Look below for the line that contains "Sala com sofá", then quote it and all the lines after it, exactly, with the pictures left out.

◆ Supplied material:
▼
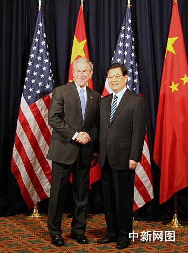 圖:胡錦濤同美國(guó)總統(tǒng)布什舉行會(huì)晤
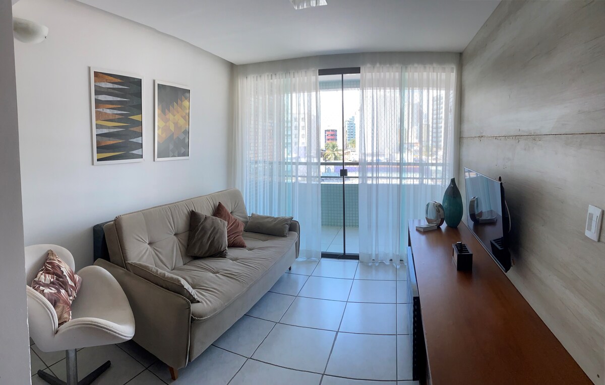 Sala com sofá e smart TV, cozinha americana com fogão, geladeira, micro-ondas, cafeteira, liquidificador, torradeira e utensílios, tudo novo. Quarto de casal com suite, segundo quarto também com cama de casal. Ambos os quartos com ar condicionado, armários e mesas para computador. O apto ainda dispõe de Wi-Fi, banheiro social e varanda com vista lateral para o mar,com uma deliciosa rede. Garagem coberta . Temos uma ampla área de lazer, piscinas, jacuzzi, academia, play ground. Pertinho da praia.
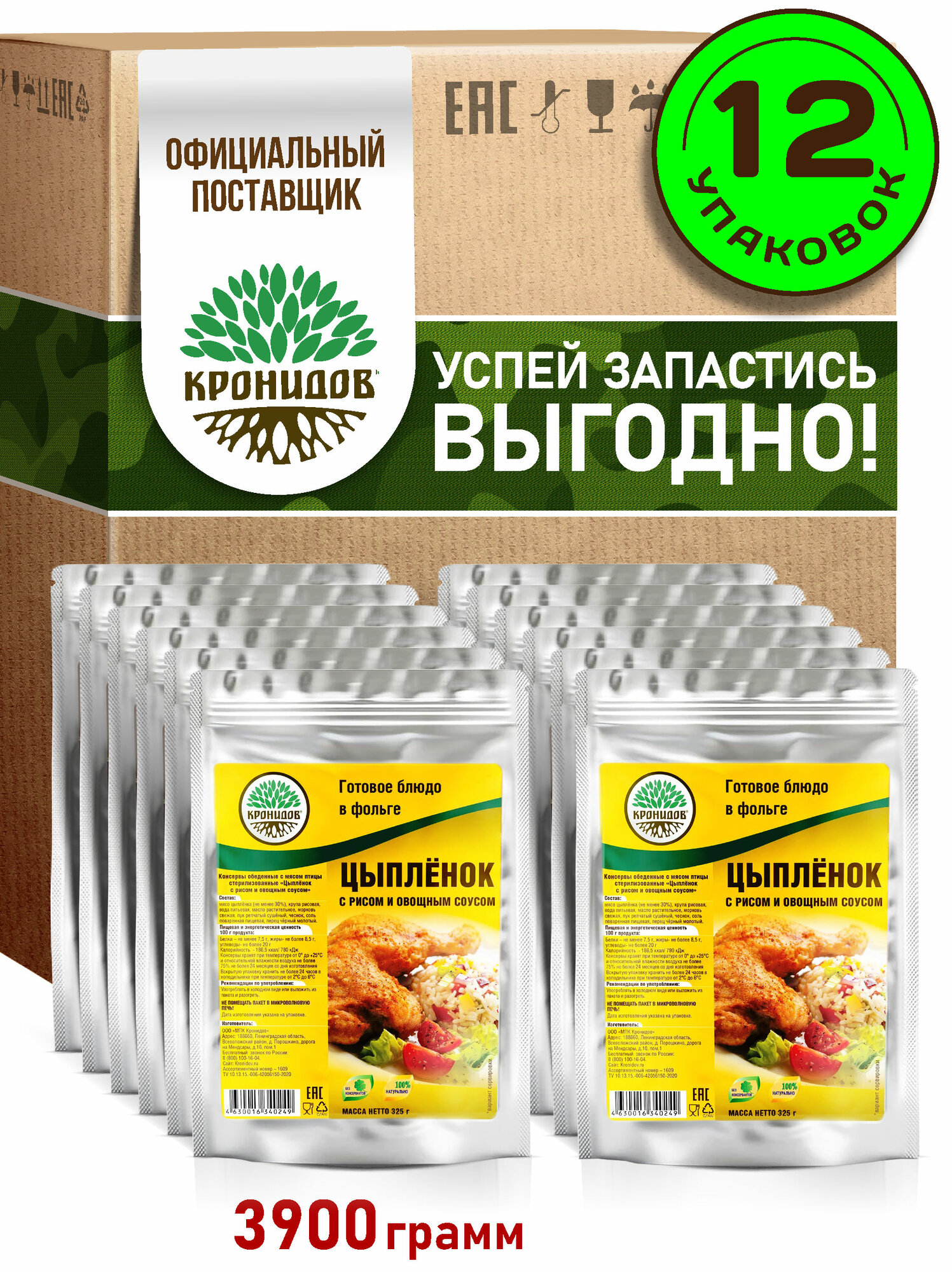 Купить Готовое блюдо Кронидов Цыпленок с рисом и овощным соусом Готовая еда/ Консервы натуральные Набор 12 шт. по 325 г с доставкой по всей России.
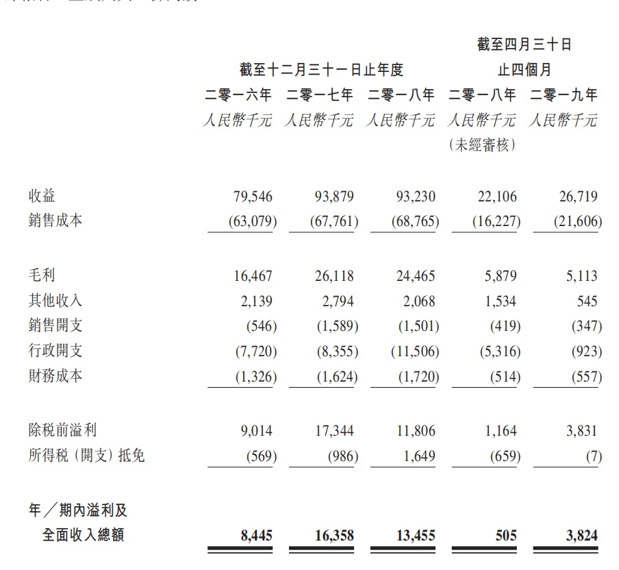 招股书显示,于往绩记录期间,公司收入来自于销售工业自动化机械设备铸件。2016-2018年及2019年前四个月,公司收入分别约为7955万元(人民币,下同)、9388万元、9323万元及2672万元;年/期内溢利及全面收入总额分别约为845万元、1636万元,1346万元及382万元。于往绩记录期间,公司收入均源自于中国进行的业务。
▲
◆ Solved exercise:
 Sala com sofá e smart TV, cozinha americana com fogão, geladeira, micro-ondas, cafeteira, liquidificador, torradeira e utensílios, tudo novo. Quarto de casal com suite, segundo quarto também com cama de casal. Ambos os quartos com ar condicionado, armários e mesas para computador. O apto ainda dispõe de Wi-Fi, banheiro social e varanda com vista lateral para o mar,com uma deliciosa rede. Garagem coberta . Temos uma ampla área de lazer, piscinas, jacuzzi, academia, play ground. Pertinho da praia.
 Купить Готовое блюдо Кронидов Цыпленок с рисом и овощным соусом Готовая еда/ Консервы натуральные Набор 12 шт. по 325 г с доставкой по всей России.
 招股书显示,于往绩记录期间,公司收入来自于销售工业自动化机械设备铸件。2016-2018年及2019年前四个月,公司收入分别约为7955万元(人民币,下同)、9388万元、9323万元及2672万元;年/期内溢利及全面收入总额分别约为845万元、1636万元,1346万元及382万元。于往绩记录期间,公司收入均源自于中国进行的业务。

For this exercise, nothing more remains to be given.